>>>>>

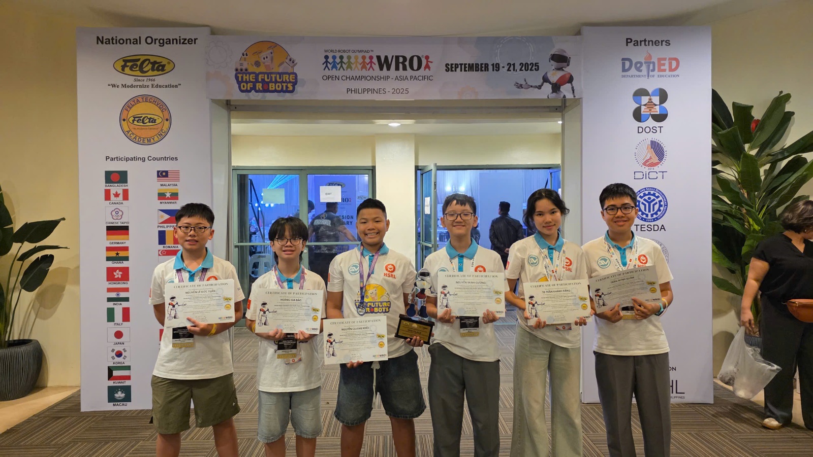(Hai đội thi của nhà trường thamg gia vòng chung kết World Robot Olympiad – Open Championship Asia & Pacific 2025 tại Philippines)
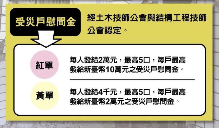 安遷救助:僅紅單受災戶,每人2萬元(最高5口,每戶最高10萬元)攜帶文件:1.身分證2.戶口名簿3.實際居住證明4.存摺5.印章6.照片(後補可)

<<<<<
>>>>>

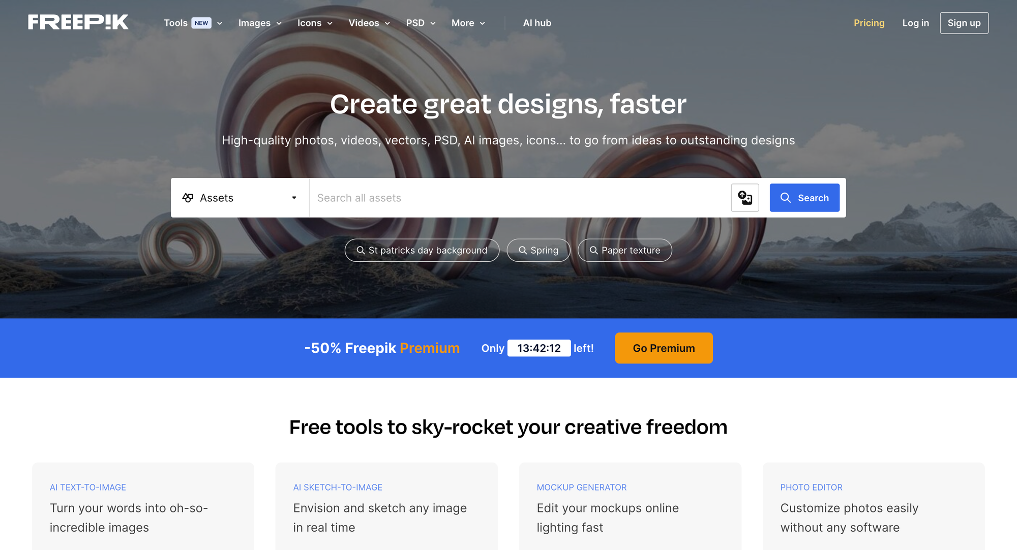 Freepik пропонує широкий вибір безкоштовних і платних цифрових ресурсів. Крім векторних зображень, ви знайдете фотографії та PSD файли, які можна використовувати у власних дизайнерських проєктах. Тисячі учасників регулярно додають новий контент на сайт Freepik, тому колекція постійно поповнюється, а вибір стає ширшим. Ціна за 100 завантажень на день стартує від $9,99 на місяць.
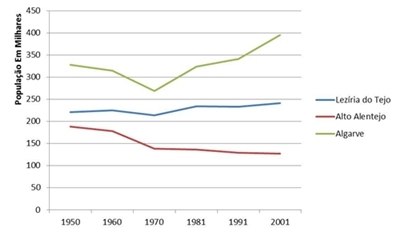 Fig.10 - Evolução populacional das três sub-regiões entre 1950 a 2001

<<<<<

**What the task asks**
Within the material above, find the part that opens with the line containing "(Hai đội thi" and closes with the line containing "安遷救助:僅紅單受災戶,每人", and reproduce it exactly without the pictures.

**Response below**
(Hai đội thi của nhà trường thamg gia vòng chung kết World Robot Olympiad – Open Championship Asia & Pacific 2025 tại Philippines)
 安遷救助:僅紅單受災戶,每人2萬元(最高5口,每戶最高10萬元)攜帶文件:1.身分證2.戶口名簿3.實際居住證明4.存摺5.印章6.照片(後補可)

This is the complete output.